» What you will do: Retype nothing except the lines below from the one with "Отображение карты на" through the one with "Boohoo Womens White", exactly, with images left out.

» Material to process:
◇ ◇ ◇

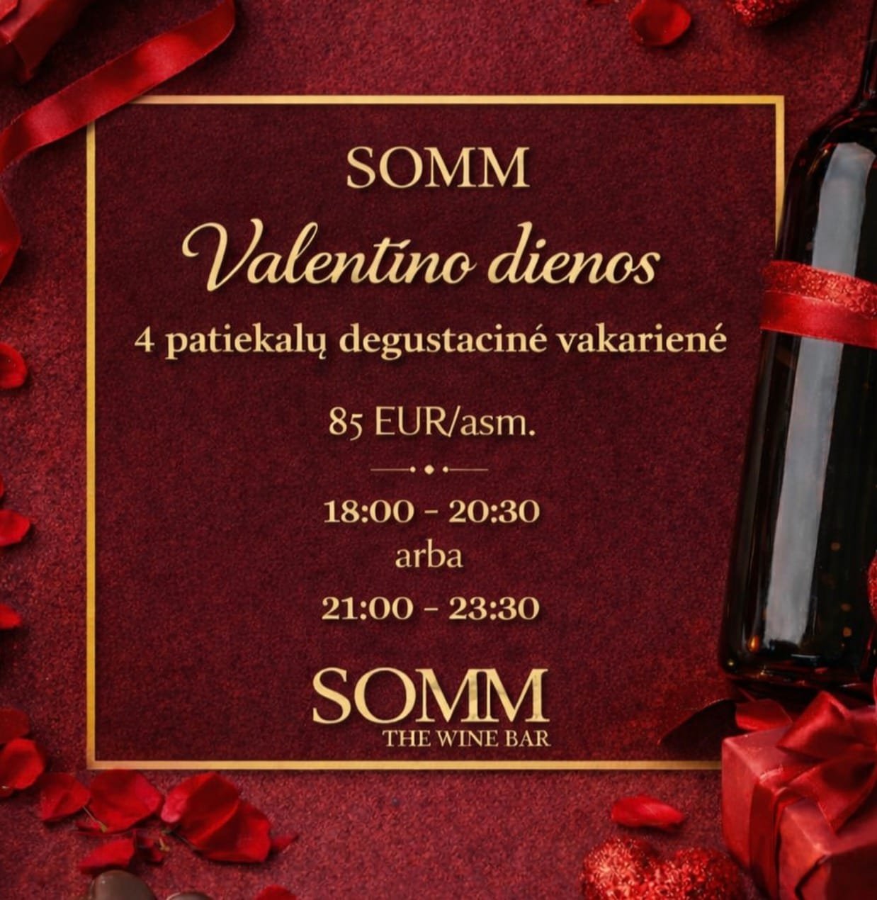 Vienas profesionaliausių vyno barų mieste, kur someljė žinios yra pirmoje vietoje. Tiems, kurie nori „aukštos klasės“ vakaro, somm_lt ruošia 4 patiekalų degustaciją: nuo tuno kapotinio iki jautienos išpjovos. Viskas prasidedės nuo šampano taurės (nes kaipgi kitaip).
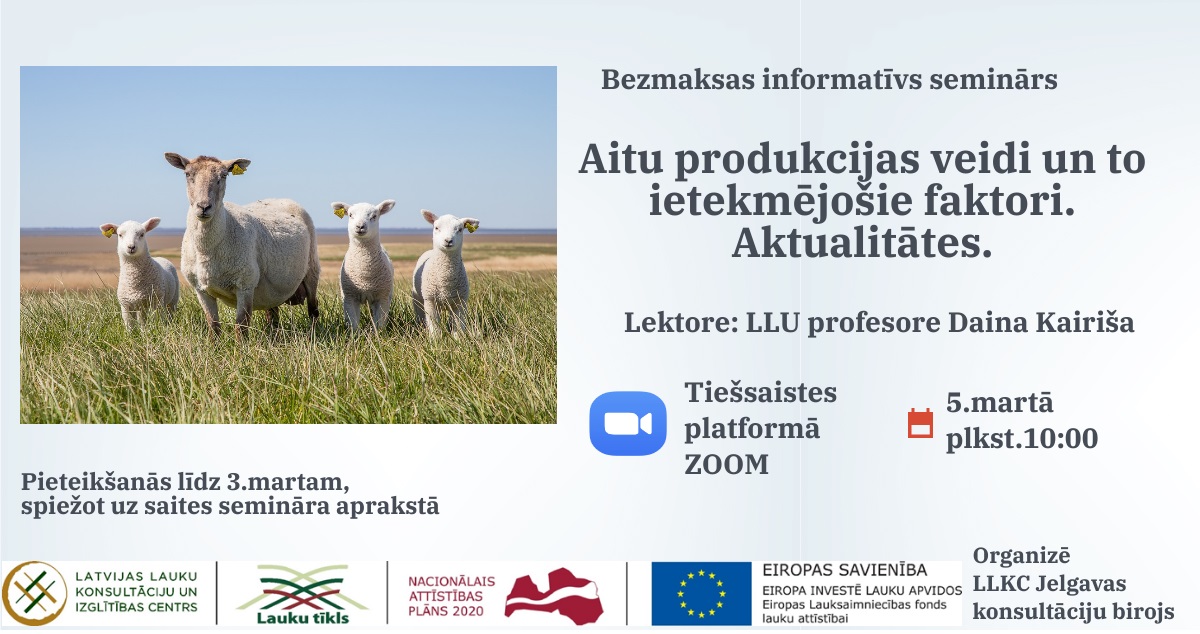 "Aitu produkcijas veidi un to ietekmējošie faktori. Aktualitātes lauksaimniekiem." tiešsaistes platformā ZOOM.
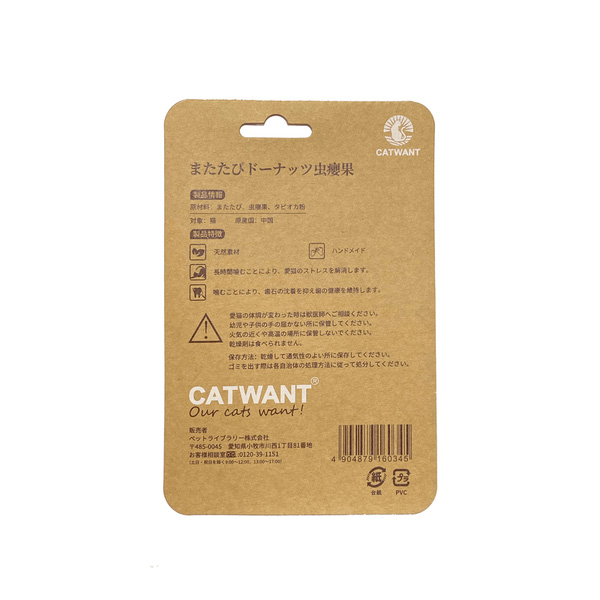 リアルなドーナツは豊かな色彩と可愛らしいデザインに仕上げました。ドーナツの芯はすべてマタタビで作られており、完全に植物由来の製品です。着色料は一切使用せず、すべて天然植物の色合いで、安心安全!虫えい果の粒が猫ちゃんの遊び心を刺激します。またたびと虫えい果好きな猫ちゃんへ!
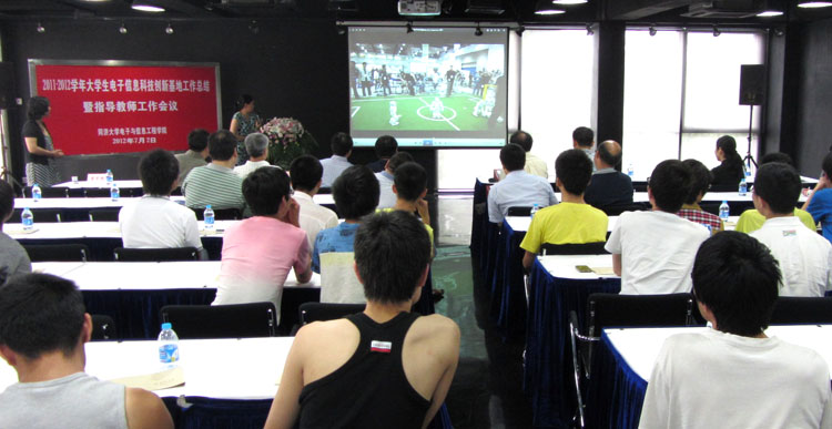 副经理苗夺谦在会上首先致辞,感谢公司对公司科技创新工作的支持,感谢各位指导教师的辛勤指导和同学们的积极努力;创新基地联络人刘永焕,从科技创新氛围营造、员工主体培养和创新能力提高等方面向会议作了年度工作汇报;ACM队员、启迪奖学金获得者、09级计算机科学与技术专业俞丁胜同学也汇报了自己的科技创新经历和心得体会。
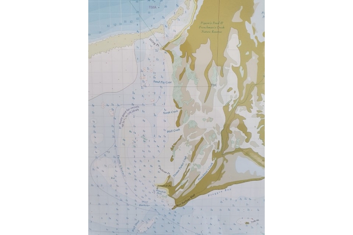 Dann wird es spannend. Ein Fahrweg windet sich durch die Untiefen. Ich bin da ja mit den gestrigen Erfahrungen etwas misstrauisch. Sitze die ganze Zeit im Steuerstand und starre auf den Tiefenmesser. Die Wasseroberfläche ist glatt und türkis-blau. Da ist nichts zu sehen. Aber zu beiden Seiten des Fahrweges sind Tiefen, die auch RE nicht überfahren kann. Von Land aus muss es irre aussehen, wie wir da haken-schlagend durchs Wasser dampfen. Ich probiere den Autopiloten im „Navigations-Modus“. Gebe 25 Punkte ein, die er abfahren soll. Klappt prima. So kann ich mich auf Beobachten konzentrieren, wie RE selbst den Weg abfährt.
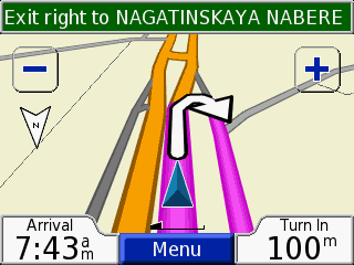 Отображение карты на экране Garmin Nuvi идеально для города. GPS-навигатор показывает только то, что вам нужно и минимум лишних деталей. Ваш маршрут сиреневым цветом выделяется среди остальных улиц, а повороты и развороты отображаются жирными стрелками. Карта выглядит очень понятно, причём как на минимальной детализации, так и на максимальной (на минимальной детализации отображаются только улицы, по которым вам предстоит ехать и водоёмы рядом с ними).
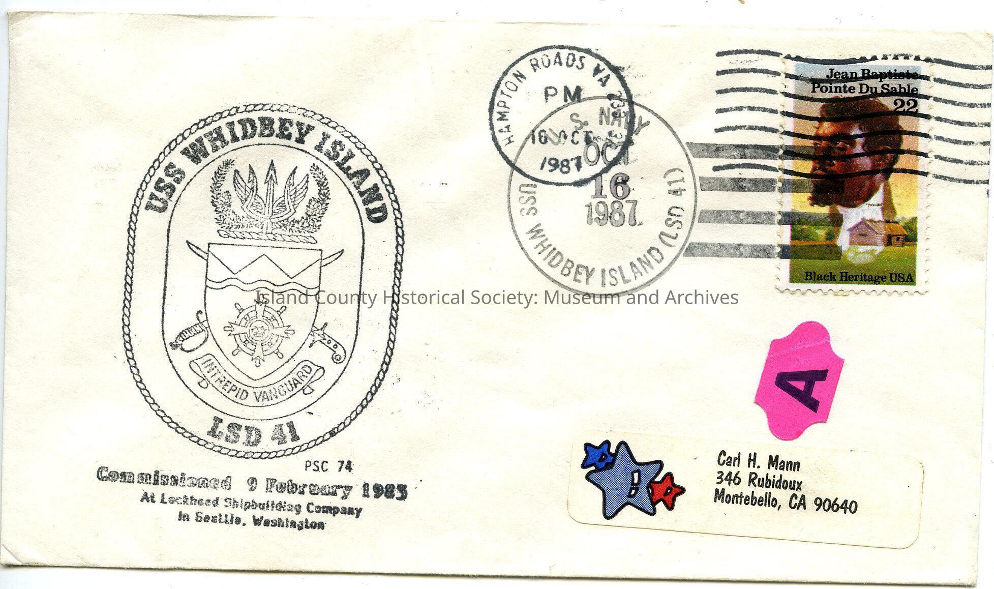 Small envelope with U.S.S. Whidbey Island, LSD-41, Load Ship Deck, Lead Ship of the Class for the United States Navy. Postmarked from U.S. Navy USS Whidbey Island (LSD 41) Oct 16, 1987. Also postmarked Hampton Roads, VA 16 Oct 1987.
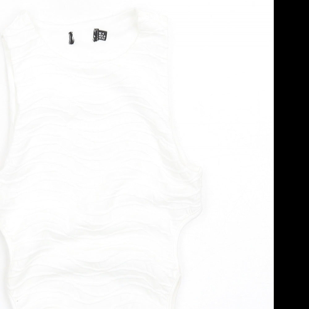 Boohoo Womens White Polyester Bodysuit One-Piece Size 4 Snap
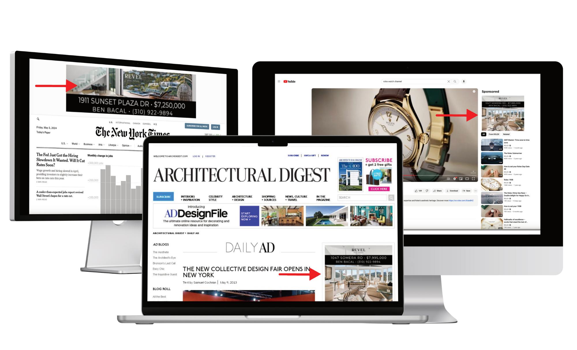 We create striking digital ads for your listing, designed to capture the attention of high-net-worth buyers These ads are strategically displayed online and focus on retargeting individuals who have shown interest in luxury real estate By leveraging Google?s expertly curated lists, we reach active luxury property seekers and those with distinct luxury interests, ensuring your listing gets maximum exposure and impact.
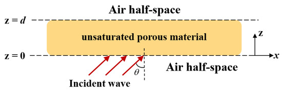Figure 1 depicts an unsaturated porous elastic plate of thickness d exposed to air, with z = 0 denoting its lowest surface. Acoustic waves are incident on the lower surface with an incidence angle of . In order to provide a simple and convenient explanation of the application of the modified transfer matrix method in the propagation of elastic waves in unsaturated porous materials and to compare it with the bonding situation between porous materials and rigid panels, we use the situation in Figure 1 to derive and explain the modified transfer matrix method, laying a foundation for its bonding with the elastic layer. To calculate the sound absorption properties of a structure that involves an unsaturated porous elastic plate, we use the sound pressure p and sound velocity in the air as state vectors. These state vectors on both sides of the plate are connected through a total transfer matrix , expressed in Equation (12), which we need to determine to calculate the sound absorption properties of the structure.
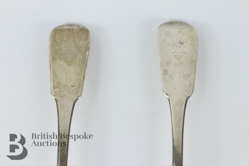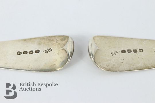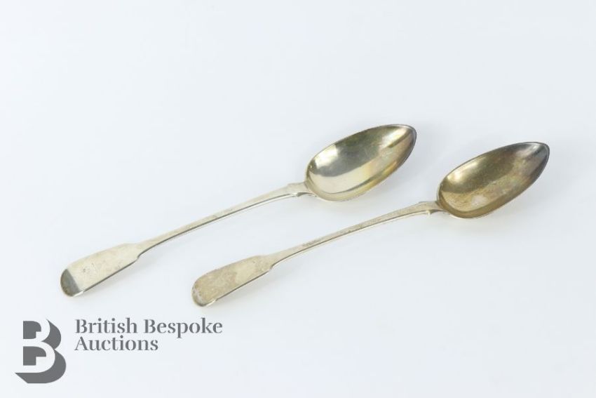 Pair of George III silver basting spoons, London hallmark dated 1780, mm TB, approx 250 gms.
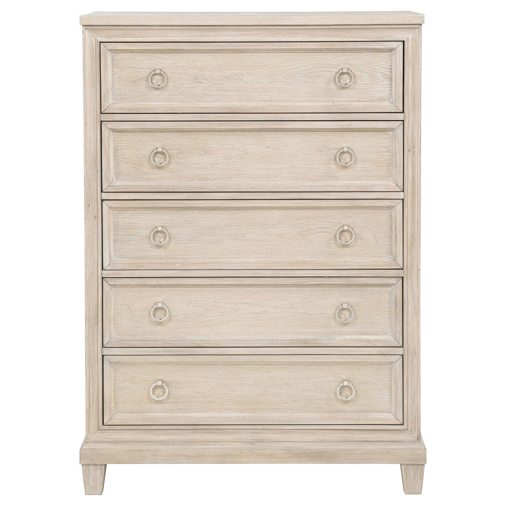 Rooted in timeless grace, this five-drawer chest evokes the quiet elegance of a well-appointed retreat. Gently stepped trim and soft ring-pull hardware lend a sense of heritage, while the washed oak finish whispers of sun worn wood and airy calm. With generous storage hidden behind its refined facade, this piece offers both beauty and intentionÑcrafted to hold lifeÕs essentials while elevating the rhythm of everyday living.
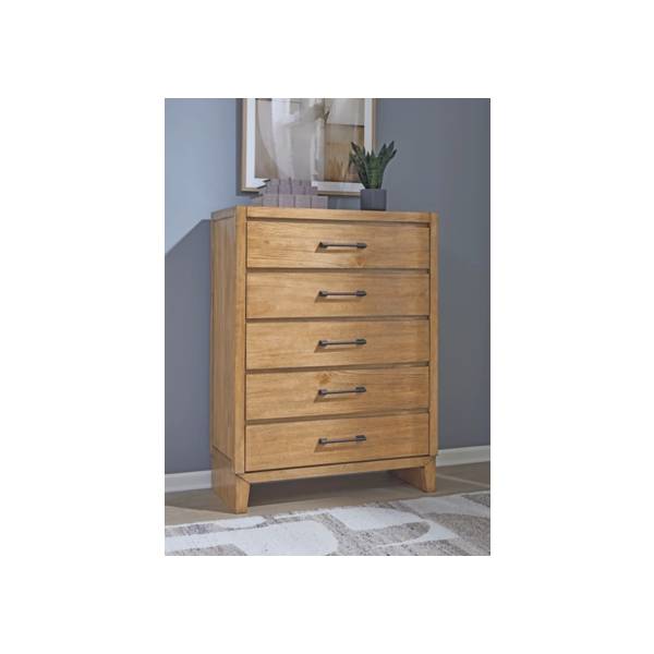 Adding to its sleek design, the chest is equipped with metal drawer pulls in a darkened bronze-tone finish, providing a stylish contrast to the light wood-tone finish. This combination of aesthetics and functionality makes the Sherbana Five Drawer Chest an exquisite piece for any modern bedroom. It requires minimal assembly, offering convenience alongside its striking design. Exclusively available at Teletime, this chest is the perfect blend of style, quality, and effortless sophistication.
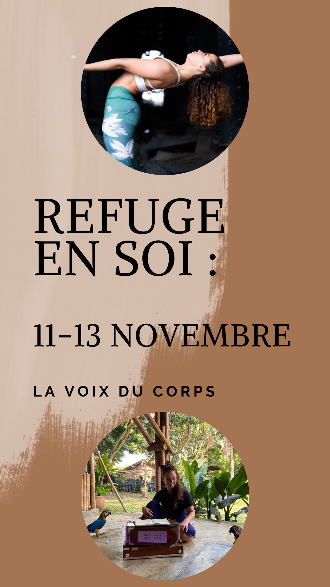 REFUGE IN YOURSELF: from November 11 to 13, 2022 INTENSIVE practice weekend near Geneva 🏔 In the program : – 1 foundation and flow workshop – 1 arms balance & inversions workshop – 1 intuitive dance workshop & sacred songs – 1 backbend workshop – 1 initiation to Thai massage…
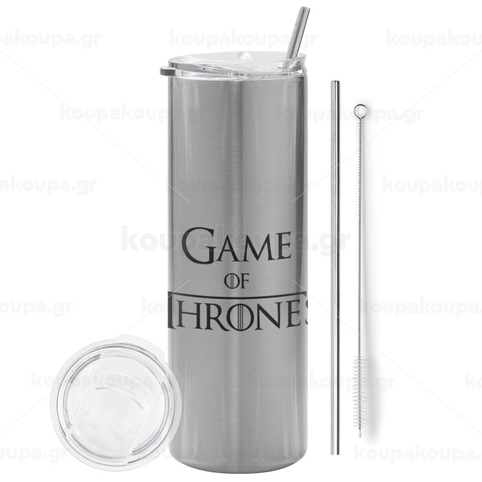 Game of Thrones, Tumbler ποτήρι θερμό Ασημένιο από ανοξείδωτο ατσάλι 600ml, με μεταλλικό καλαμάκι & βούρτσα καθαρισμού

◇ ◇ ◇

» Result of the task:
 Отображение карты на экране Garmin Nuvi идеально для города. GPS-навигатор показывает только то, что вам нужно и минимум лишних деталей. Ваш маршрут сиреневым цветом выделяется среди остальных улиц, а повороты и развороты отображаются жирными стрелками. Карта выглядит очень понятно, причём как на минимальной детализации, так и на максимальной (на минимальной детализации отображаются только улицы, по которым вам предстоит ехать и водоёмы рядом с ними).
 Small envelope with U.S.S. Whidbey Island, LSD-41, Load Ship Deck, Lead Ship of the Class for the United States Navy. Postmarked from U.S. Navy USS Whidbey Island (LSD 41) Oct 16, 1987. Also postmarked Hampton Roads, VA 16 Oct 1987.
 Boohoo Womens White Polyester Bodysuit One-Piece Size 4 Snap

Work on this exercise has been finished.